TASK:
Reproduce exactly the lines of this material that begin at the line with "შენიშვნა: გ-ზე №300" and end at the line with "Sviitti parvekkeella ja", both included. Omit the pictures and everything else.

RECORDED DATA:
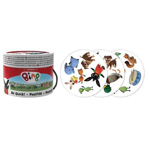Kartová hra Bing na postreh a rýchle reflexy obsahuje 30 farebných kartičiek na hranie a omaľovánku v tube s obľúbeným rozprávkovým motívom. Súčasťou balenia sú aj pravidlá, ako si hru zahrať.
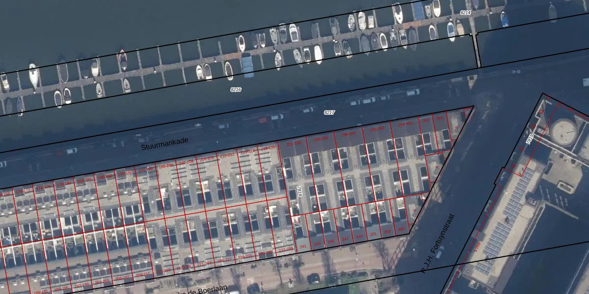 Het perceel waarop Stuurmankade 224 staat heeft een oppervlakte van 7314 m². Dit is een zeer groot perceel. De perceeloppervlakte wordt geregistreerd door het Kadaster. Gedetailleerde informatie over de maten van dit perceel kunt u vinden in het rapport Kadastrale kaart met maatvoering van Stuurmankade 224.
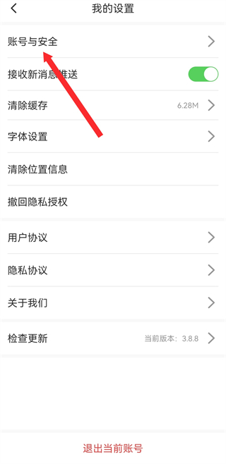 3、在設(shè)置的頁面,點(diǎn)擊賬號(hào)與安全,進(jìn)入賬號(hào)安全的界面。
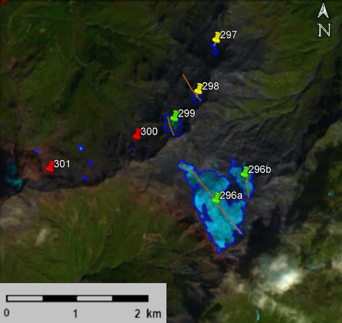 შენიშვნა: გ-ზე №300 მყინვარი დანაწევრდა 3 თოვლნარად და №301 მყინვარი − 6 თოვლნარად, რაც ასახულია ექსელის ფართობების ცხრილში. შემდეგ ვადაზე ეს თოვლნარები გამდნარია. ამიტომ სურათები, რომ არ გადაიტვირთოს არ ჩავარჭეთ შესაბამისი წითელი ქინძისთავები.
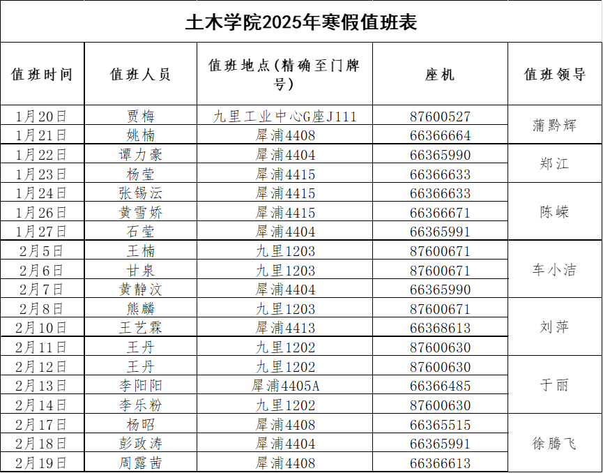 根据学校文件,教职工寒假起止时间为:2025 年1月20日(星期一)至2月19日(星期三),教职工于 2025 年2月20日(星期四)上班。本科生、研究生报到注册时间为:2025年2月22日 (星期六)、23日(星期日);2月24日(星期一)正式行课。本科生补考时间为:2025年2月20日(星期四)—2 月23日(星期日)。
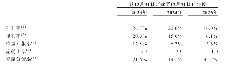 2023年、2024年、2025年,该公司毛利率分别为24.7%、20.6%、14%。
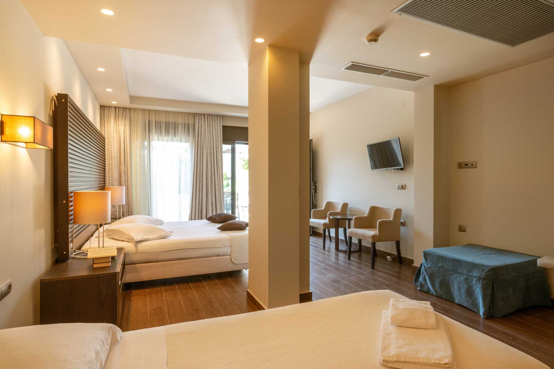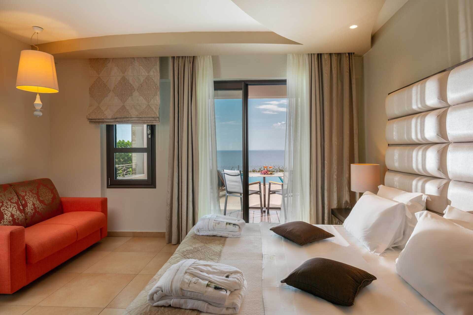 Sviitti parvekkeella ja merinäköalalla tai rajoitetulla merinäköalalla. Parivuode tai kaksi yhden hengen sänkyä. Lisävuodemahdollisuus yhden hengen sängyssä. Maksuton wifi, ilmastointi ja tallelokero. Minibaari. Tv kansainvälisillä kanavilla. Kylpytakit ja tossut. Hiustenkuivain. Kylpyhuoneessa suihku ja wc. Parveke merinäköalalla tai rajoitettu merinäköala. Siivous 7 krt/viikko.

...

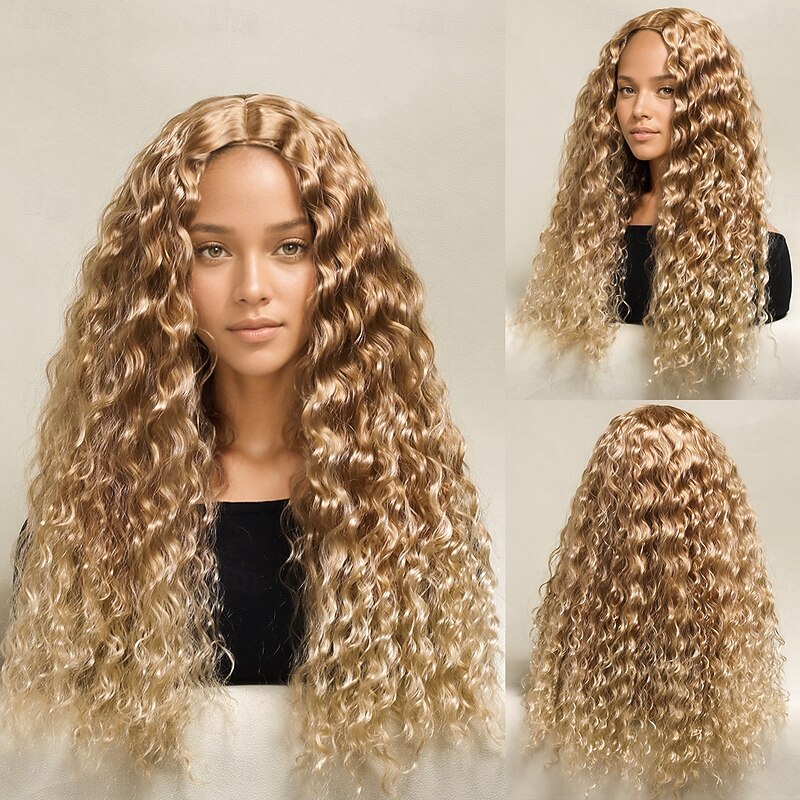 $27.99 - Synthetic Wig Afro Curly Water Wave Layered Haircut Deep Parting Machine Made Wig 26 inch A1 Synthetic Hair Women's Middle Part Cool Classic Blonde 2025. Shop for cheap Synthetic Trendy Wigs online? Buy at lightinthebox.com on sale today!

RESPONSE AREA:
 შენიშვნა: გ-ზე №300 მყინვარი დანაწევრდა 3 თოვლნარად და №301 მყინვარი − 6 თოვლნარად, რაც ასახულია ექსელის ფართობების ცხრილში. შემდეგ ვადაზე ეს თოვლნარები გამდნარია. ამიტომ სურათები, რომ არ გადაიტვირთოს არ ჩავარჭეთ შესაბამისი წითელი ქინძისთავები.
 根据学校文件,教职工寒假起止时间为:2025 年1月20日(星期一)至2月19日(星期三),教职工于 2025 年2月20日(星期四)上班。本科生、研究生报到注册时间为:2025年2月22日 (星期六)、23日(星期日);2月24日(星期一)正式行课。本科生补考时间为:2025年2月20日(星期四)—2 月23日(星期日)。
 2023年、2024年、2025年,该公司毛利率分别为24.7%、20.6%、14%。
 Sviitti parvekkeella ja merinäköalalla tai rajoitetulla merinäköalalla. Parivuode tai kaksi yhden hengen sänkyä. Lisävuodemahdollisuus yhden hengen sängyssä. Maksuton wifi, ilmastointi ja tallelokero. Minibaari. Tv kansainvälisillä kanavilla. Kylpytakit ja tossut. Hiustenkuivain. Kylpyhuoneessa suihku ja wc. Parveke merinäköalalla tai rajoitettu merinäköala. Siivous 7 krt/viikko.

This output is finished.